In order to have an election, one of a couple of things must happen.

  1. We must bring the government down on a motion of confidence.
  2. We must bring the government down on a vote which is a confidence motion.
  3. The government engineers its own defeat in a confidence motion.
  4. The Governor General fires Harper, dissolves Parliament, and calls an election.
  5. Harper asks the Governor General to call an election.

Number four is not going to happen. Thank you very much, Viscount Byng. Number five will also not happen, as Harper will not overrule his “fixed election date”.

Number three is incredibly dangerous, so we have to make sure that we bring down the house before Harper shows up with something that we have no choice to vote against, but makes us look very, very bad.

In my mind, one is a boring way to launch an election campaign. I think it would be far better to take the route of number two, and do to the Conservatives what they would do to us. This way, instead of saying “the House has lost confidence in the government”, we can say “your policy is bad, is working against the Canadian people, and therefore, we have lost confidence in your government… rah-rah-rah”.

This is what I am proposing, and strictly from a western perspective. The Wheat Board is an essential part of Canada’s agricultural industry. The idea of working together and giving each other a leg up, and the concept of working together to achieve your goals is intrinsic in the prairies. How could homesteaders, the people who settled these provinces, have survived without some kind of collective cooperation. This has begun to expand to other industries. The Peace Country Tender Beef Co-op is one such example. The fact that, during the early half of the last century, the Progressives and the UFA dominated prairie politics speak to this.

If we lead the charge for the Wheat Board, the Liberals will weaken Tory support in their rural constituencies. Now, I realize the chance of Liberals gaining seats in rural ridings is unlikely, but what it does do is it forces the to shore up support in their rural constituencies, and this will likely mean spouting off some socially conservative rhetoric. This will leave them weak in the cities, where Albertans can make the most gains. We could also win ridings where Tory support is soft and David Orchard can rally the farm vote. Our big tent could significantly expand in the west.

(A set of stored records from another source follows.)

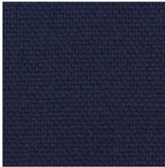
ROYAL BLUE - IF020 VELA no.: 686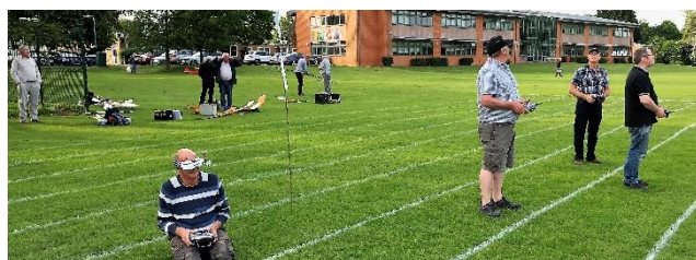
A crowd gathers to fly RC. Trevor kneels in prayer whilst the 3 monkeys look away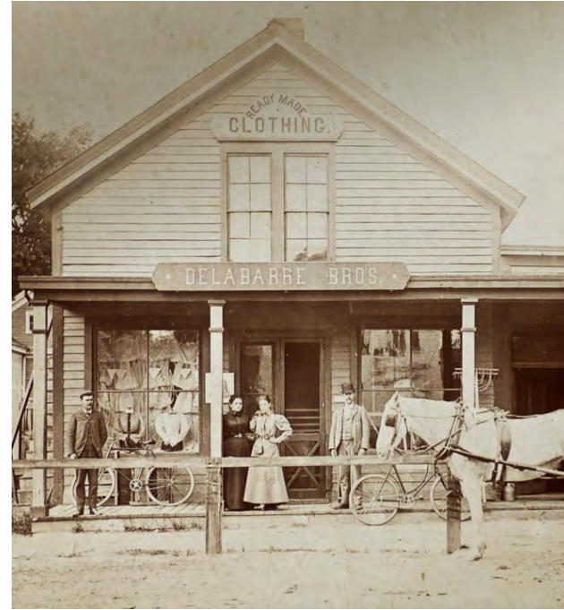
Delabarre Bros. Store c. 1892, housed Conway's post office from 1856 until 1896. It now houses the Conway Historical Society Museum.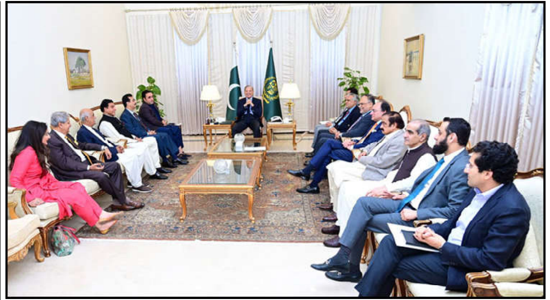
ISLAMABAD: A delegation of Pakistan People's Party headed by Chairman Bilawal Bhutto Zardari meeting with Prime Minister Shehbaz Sharif

Speaker National Assembly Sardar Ayaz Sadiq, Deputy Prime Minister and Minister for Foreign Affairs Ishaq Dar, Federal Minister for Planning Ahsan Iqbal, Federal Minister for Finance and Revenue Muhammad Aurangzeb, Federal Minister for Information and Broadcasting Attaullah Tarar were also present in the meeting.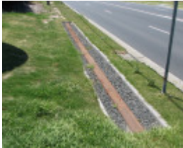
MARKET GARDENERS TRAM PLATEWAY SOHE 2008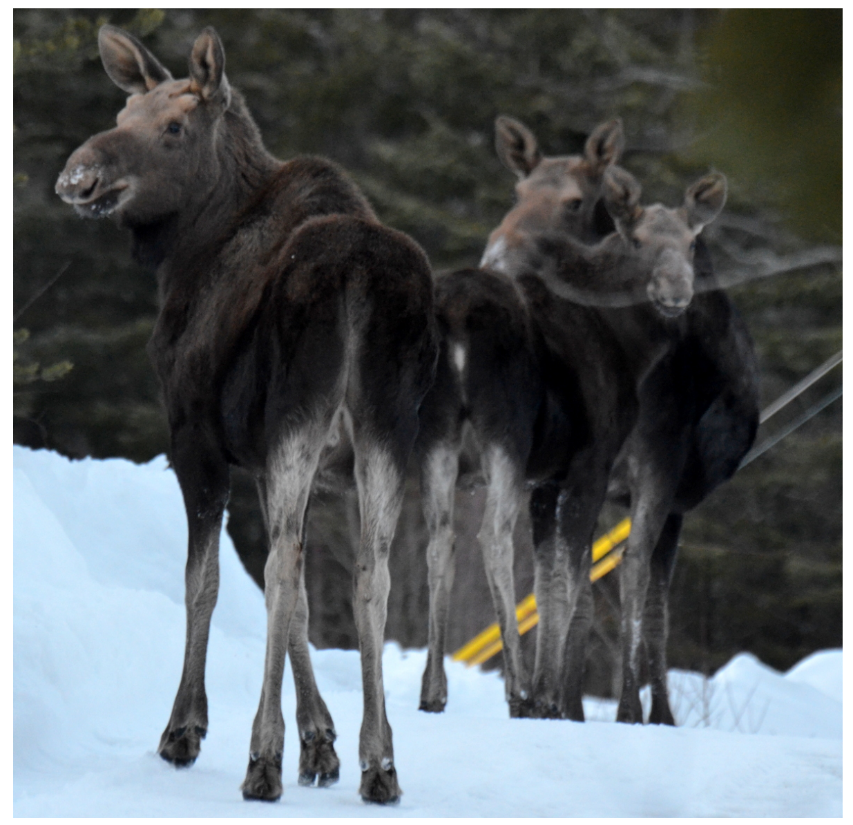
Moose (above) and Common Muskrat (below)

This is a significantly less controversial thing to bring the government down on, as compared to Afghanistan. It also allows us to take a firm stand on this, without having to talk too much about it, as national grain cooperatives really do not make the best talking points. We need to start engineering a confidence motion on the Wheat Board for late February or early March, so that we may have a mid-April election. Preferably, right after people get their taxes done, and see that they were really short changed by the last government.